-- Source records follows --

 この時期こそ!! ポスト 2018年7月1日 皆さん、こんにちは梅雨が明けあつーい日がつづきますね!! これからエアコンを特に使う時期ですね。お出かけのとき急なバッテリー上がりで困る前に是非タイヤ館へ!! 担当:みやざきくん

-- Source records concluded --
-- Source records follows --

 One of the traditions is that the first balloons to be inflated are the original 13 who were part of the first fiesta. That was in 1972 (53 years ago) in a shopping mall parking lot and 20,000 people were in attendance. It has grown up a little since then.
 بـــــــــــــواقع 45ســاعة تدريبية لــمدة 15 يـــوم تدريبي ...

-- Source records concluded --
-- Source records follows --

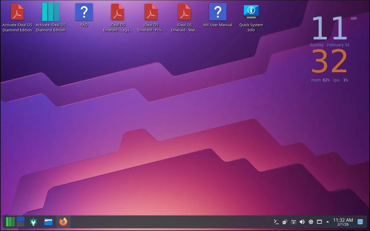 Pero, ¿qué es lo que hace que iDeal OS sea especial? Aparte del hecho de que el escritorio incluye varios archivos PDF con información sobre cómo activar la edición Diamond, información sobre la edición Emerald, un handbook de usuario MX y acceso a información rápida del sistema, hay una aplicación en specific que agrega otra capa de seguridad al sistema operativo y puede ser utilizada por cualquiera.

-- Source records concluded --

**What you have to do**
In the listing above, find the line with "One of the traditions" and the line with "بـــــــــــــواقع 45ســاعة تدريبية", then print exactly those two lines and every line between them, and nothing more.

**Reply**
 One of the traditions is that the first balloons to be inflated are the original 13 who were part of the first fiesta. That was in 1972 (53 years ago) in a shopping mall parking lot and 20,000 people were in attendance. It has grown up a little since then.
 بـــــــــــــواقع 45ســاعة تدريبية لــمدة 15 يـــوم تدريبي ...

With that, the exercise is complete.